What the exercise asks
Return exactly the lines from the one containing "Kompaktné, ľahké a" through the last line of the records below, both included, and leave out any pictures.
** Available data follows **
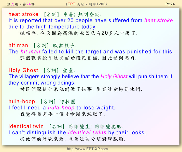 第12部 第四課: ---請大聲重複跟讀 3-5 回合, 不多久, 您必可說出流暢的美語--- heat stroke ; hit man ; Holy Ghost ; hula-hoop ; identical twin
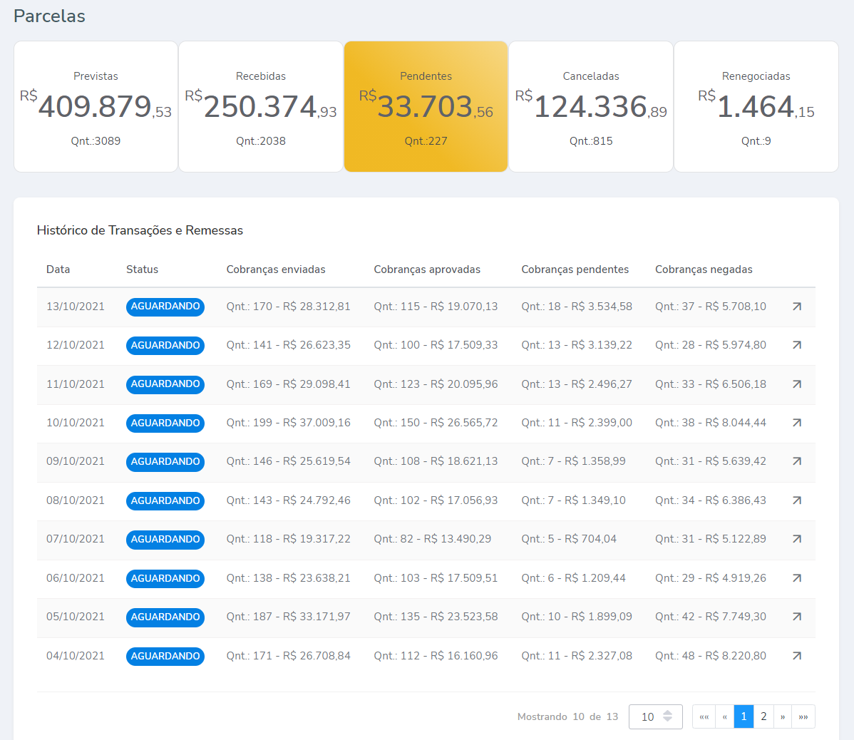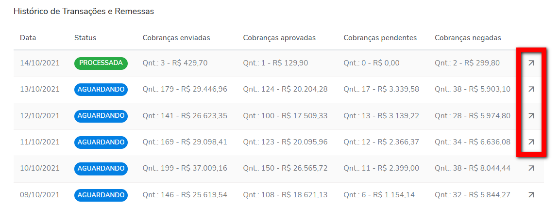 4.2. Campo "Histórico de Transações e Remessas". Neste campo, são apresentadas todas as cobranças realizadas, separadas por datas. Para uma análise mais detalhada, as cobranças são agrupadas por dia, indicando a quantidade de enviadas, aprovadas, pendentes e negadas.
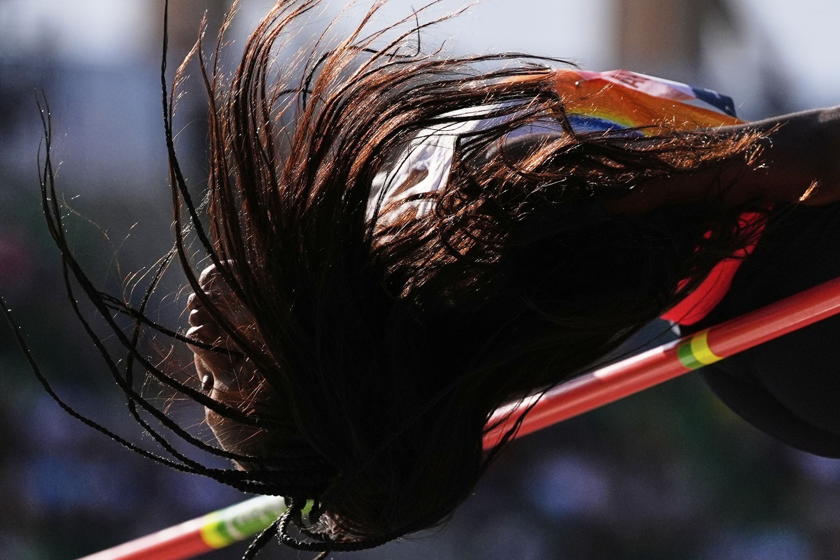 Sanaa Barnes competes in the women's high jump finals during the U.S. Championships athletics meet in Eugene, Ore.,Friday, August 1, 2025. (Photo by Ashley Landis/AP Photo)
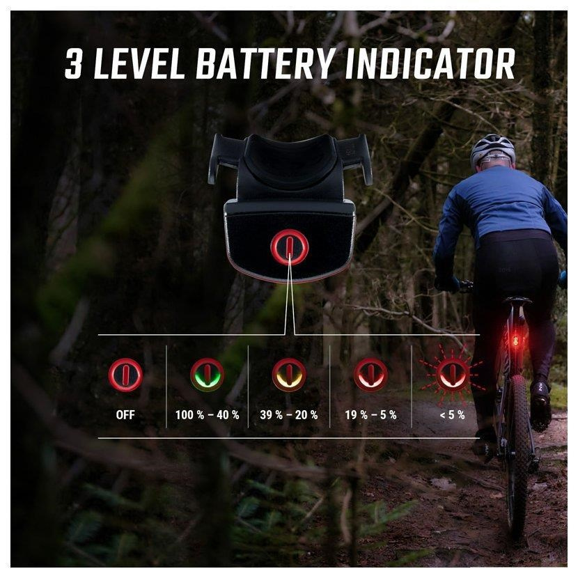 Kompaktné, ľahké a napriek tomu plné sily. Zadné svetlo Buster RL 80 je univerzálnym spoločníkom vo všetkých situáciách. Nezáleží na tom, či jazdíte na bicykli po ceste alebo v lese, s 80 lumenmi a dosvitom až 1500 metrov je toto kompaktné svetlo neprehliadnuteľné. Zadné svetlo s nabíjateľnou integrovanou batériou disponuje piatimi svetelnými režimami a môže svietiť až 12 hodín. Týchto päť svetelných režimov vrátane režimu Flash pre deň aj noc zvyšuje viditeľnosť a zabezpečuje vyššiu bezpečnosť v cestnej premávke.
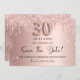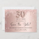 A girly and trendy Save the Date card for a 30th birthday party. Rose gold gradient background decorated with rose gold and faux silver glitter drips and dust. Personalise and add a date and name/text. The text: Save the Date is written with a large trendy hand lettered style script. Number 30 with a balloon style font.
** End of Available data **
Result for this task
 Kompaktné, ľahké a napriek tomu plné sily. Zadné svetlo Buster RL 80 je univerzálnym spoločníkom vo všetkých situáciách. Nezáleží na tom, či jazdíte na bicykli po ceste alebo v lese, s 80 lumenmi a dosvitom až 1500 metrov je toto kompaktné svetlo neprehliadnuteľné. Zadné svetlo s nabíjateľnou integrovanou batériou disponuje piatimi svetelnými režimami a môže svietiť až 12 hodín. Týchto päť svetelných režimov vrátane režimu Flash pre deň aj noc zvyšuje viditeľnosť a zabezpečuje vyššiu bezpečnosť v cestnej premávke.
 A girly and trendy Save the Date card for a 30th birthday party. Rose gold gradient background decorated with rose gold and faux silver glitter drips and dust. Personalise and add a date and name/text. The text: Save the Date is written with a large trendy hand lettered style script. Number 30 with a balloon style font.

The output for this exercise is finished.